In such a world, it is not hard to envisage a new kind of class conflict that extends beyond the traditional Marxist conflict between low-wage workers and better-educated owners. More than 82% of millennials fear AI will reduce their pay, and they are right to be worried. “We may be at the peak of the need for knowledge workers,” Atif Rafiq, a former chief digital officer at McDonald’s and Volvo, recently warned. “We just need fewer people to do the same thing.” As if to illustrate his point, tech firms such as Meta and Lyft have already announced major cutbacks in their white-collar workforce, while IBM has paused hiring to assess how many mid-level jobs can be replaced by AI.

What this means more broadly isn’t tricky to discern: a once-rising class that often embraced the oligarchy’s ideas now faces the same kind of marginalisation experienced by less-educated workers for generations.
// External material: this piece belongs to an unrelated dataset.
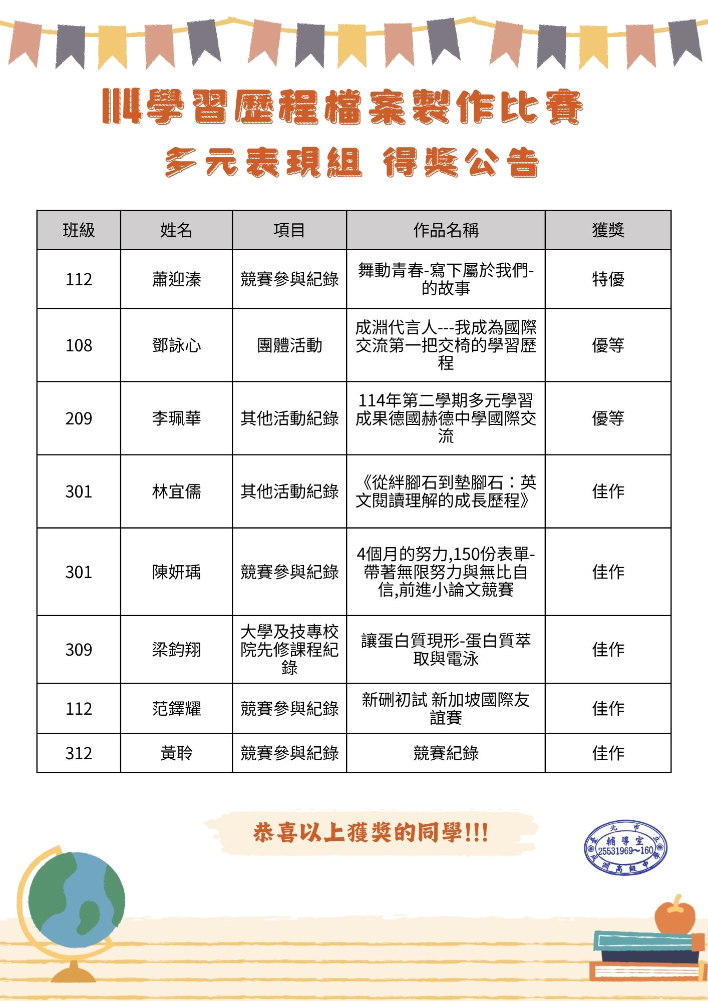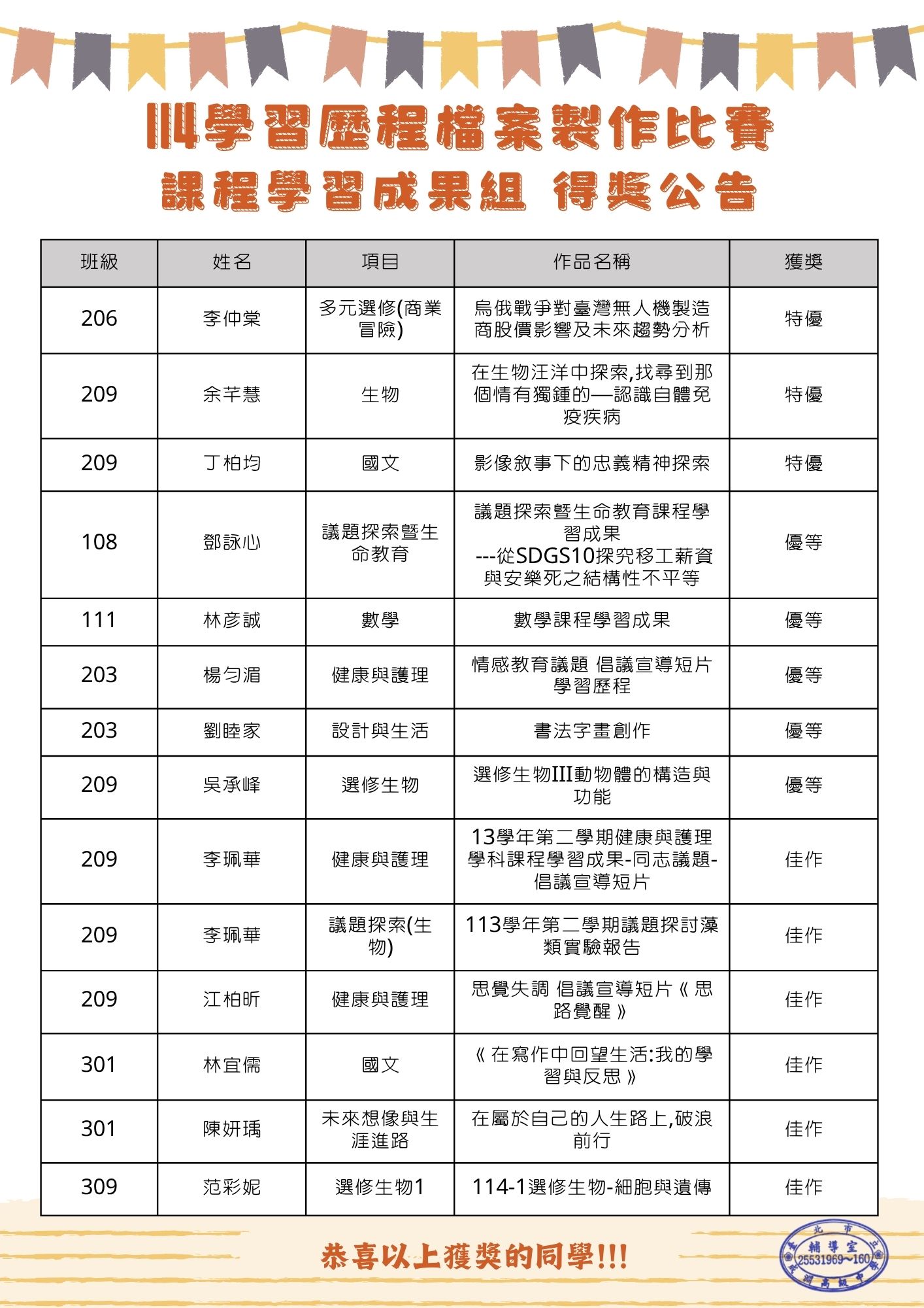 114-2學習歷程檔案比賽結果公告

And it is not unreasonable to conclude this could eventually divide the current political alliance between progressively minded professionals and the AI-enhanced elite. Perhaps the most visible example of this is the writers and actors strike — drawn from a class traditionally aligned with the oligarchs — currently underway in America, where AI threatens to make the manufacturing of entertainment largely redundant.
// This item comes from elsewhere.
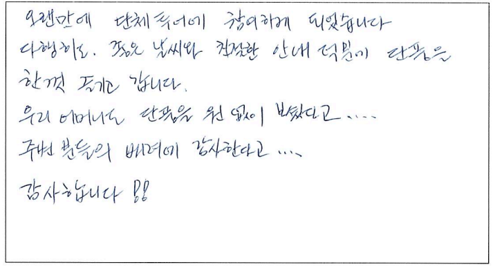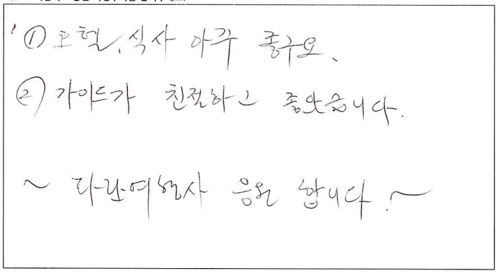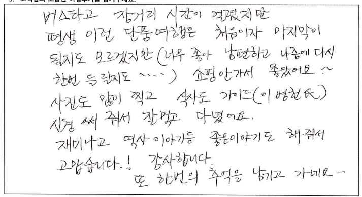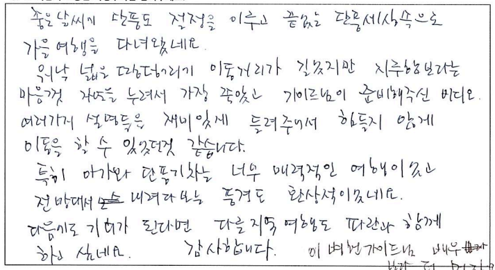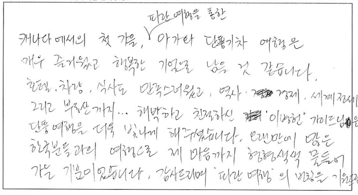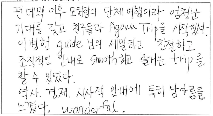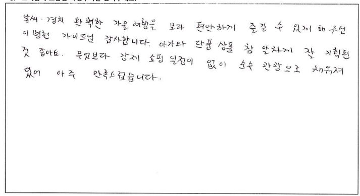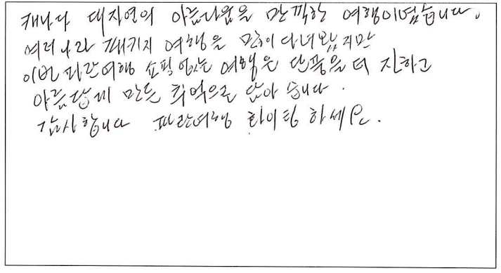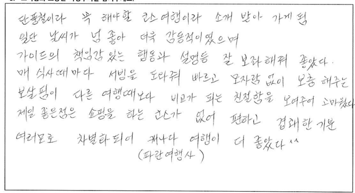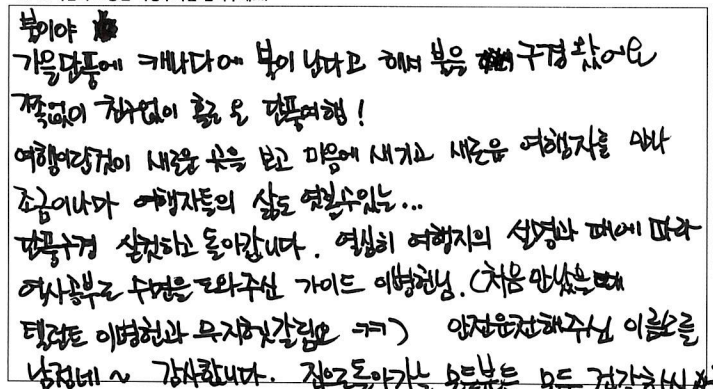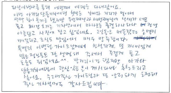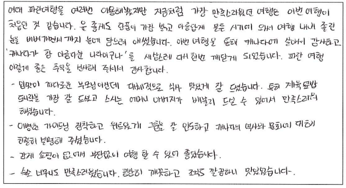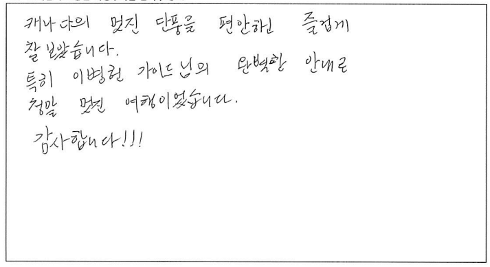 ![]() 캐나다에서의 첫 가을, 파란여행을 통한 아가와 단풍기차 여행은 매우 즐거웠고 행복한 기억으로 남을 것 같습니다. 호텔, 차량, 식사도 만족스러웠고 역사, 경제, 세계 정세 그리고 부동산까지... 해박하고 친절하신 가이드님은 단풍여행을 더욱 빛나게 해주셨습니다. 오랜만에 많은 한국분들과의 여행으로 제 마음까지 형형색색 물들어 가는 기분이었습니다. 감사드리며 파란여행의 번창을 기원드립니다. ![]() 여태 파란여행을 여러번 이용해 봤지만 지금처럼 가장 만족스러웠던 여행은 이번 여행이 처음인 것 같습니다. 운 좋게도 단풍이 가장 밝고 아름답게 물든 시기에 와서 여행 내내 졸린 눈을 비벼가면서 까지 눈에 담으려 애썼습니다. 이번 여행을 통해 캐나다에 살아서 감사하고 캐나다가 참 아름다운 나라구나를 새삼스레 다시한번 깨닫게 되었습니다. 파란여행 이렇게 좋은 추억을 선사해 주셔서 감사합니다. 입맛이 까다로운 부모님이신데 대체적으로 식사 맛있게 잘 드셨습니다. 특히 제육덮밥 도시락을 가장 잘 드셨고 스시는 어머니 아버지가 배불리 드실 수 있어서 만족스러워 하셨습니다. 가이드님의 침착하고 위트있게 그룹을 잘 인도하고 캐나다의 역사와 문화에 대해 친절히 설명해 주셨습니다. 강제 쇼핑이 없어서 부담없이 여행 할 수 있어 좋았습니다. 숙소 너무나도 만족스러웠습니다. 굉장히 깨끗하고 조식도 깔끔하니 맛있었습니다. ![]() 캐나다 대자연의 아름다움을 만끽한 여행이었습니다. 여러나라 패키지 여행을 많이 다녀봤지만 이번 파란여행 쇼핑없는 여행은 단풍을 더 진하고 아릅답게 만든 추억으로 담았습니다. 감사합니다. 파란여행 화이팅하세요! ![]() 오랜만에 단체투어에 참여하게 되었습니다. 다행이도 좋은 날씨와 친절한 안내 덕분에 단풍을 한껏 즐기고 갑니다. 우리 어머니도 단풍을 원없이 보셨다고... 주변분들의 배려에 감사한다고.... 감사합니다!! ![]() 캐나다의 멋진 단풍을 편안하고 즐겁게 잘 보았습니다. 특히 가이드님의 완벽한 안내로 정말 멋진 여행이었습니다. 감사합니다!!! ![]() 좋은 날씨에 단풍도 절정을 이루고 끝없는 단풍세상속으로 가을 여행을 다녀왔네요. 워낙 넓은 땅덩어리에 이동거리가 길었지만 지루함보다는 마음껏 자연을 누려서 가장 좋았고 가이드님이 준비해주신 비디오, 여러가지 설명들을 재미있게 들려주셔서 힘들지 않게 이동을 할 수 있었던 것 같습니다. 특히 아가와 단풍기차는 너무 매력적인 여행이었고 전망대에서 내려다 보는 풍경도 환상적이었네요. 다음에도 기회가 된다면 다른지역 여행도 파란여행과 함께 하고 싶네요. 감사합니다. ![]() '메이플로드' 트레킹을 마치고 파란여행의 아가와여행에 합승했다. 2박3일의 짧은 여정이라 할 수 있지만 나름 내가 느낀 만족과 감흥은 꽤나 크다. 주변에서 기차여행의 단조로움을 지적해서 다소 걱정했으나 오감으로 느끼는 체험은 놀랄만큼 좋았고, 그래서 트래킹으로 끝내서 한국으로 돌아간 일행들에게 미안함과 훗날 자랑하고 싶은 심정이 든다. 오랜시간 버스안에서 피로할수도 있을 것을 가이드님의 해박한 설명과 관련된 비디오 상영까지. 하나하나 신경 써 주신 배려심 덕분에 즐겁게 여행을 할 수 있어서 감사드린다. 또한 쇼핑보다 여행의 질을 높여준 파란여행 고맙습니다. ![]() 팬데믹 이후 모처럼의 단체 여행이라 엄청난 기대를 갖고 친구들과 Agawa Trip을 시작했다. 가이드님의 세밀하고 친절하고 조직적인 안내로 Smooth하고 즐거운 trip을 할 수 있었다. 역사, 경제, 시사적 안내에 특히 남다름을 느꼈다. Wonderful! ![]() 호텔, 식사 아주 좋구요. 가이드가 친절하고 좋았습니다. ~파란여행 응원합니다.~ ![]() 날씨, 경치 완벽한 가을 여행을 보다 편안하게 즐길 수 있게 해주신 가이드님 감사합니다. 아가와 단풍 상품 참 알차게 잘 기획된 것 좋아요. 무엇보다 강제 쇼핑 일정이 없이 순수 관광으로 채워저 있어 아주 만족스럽습니다. ![]() 9월의 어느날 아가와 단풍관광 얘기를 아내로 부터 들은 후 작은 일탈을 꿈꾸던 차에 인터넷에서 '파란여행'을 만났다. 기존의 단체투어를 예상했는데 가이드님을 만나는 행운으로 하루에 10시간 넘는 장거리 여행일정이 의외로 무난하게 지나갔고 맛깔난 점심식사는 여행의 즐거움을 더해 주었다. 피곤한 일정에도 불구하고 수고를 아끼지 않은 가이드와 더불어 "파란여행"에 고마움을 전한다. ![]() 파란여행을 통해 세번째 여행을 다녀왔어요. 이번 아가와단풍기차여행 첫날은 날씨와 거리가 멀어서 살짝 힘이 들기는 했지만 두번째날과 세번째 날에 날씨가 너무 좋고 8시간 오가는 기차안에서 바라보는 풍경 하나하나 정말 아름답고 사진에 담고 싶었네요. 2일 동안 머물렀던 호텔이 깨끗하고 조식도 맛있어서 매우 만족합니다. 특별히 가이드님께서 친절하게 또 재미있게 많은 정보들도 잘 설명해 주셔서 즐겁게 듣고 도움도 되었네요.^^ 장거리이긴 했지만 아가와 단풍 기차여행에 관심있는 분이 계시다면 추천드리고 싶어요. 수고해주신 가이드님과 또 안전하게 운전해 주신 기사님게도 감사드립니다. ![]() 단풍철이라 꼭 해야할 코스여행

Indeed, tech executives are already planning for the emergence of a vast, unproductive class made largely redundant by AI and robotics. After interviewing 147 digital company founders, the technology journalist Gregory Ferenstein has concluded that an “increasingly greater share of economic wealth will be generated by a smaller slice of very talented or original people”, while everyone else comes to rely on gig work and government aid. This is reflected in support for universal basic income by a number of leading tech oligarchs — Mark Zuckerberg, Elon Musk, Travis Kalanick (former head of Uber), and AI guru Sam Altman (CEO of Open AI).

Of course, many might wonder what is wrong with this. Already, roughly half of all Americans support the idea of a guaranteed basic income of about $2,000 a month if robots put them out of work. UBI enjoys even stronger support in most European countries, particularly among younger people. Further east, the popular Japanese Marxist philosopher Kohei Sato sees re-distribution as a way to as achieve the green goals of “degrowth” and “net zero” without devastating the masses.

Yet if history is our guide, such intellectual circles are surely plagued by a certain naiveté. In every stage of capitalism, the ruling class has offered promises of welfare and support. And in every stage of capitalism, they have only done so with the intention of strengthening their own position.

What is different this time, though, is that there is one class of worker who remains capable of opposing this neo-feudal structure: those with hands-on yet skilled jobs, such as the engineers refusing to work at Intel’s new semiconductor facility in Ohio. After all, even the infrastructure for AI requires tactile skills, and, as a result, technically capable blue-collar workers still have leverage and can shut down the whole infrastructure. This same class of skilled artisans were at the vanguard of the rise of democratic capitalism. Two centuries later, they may be our best hope for resisting a very different revolution.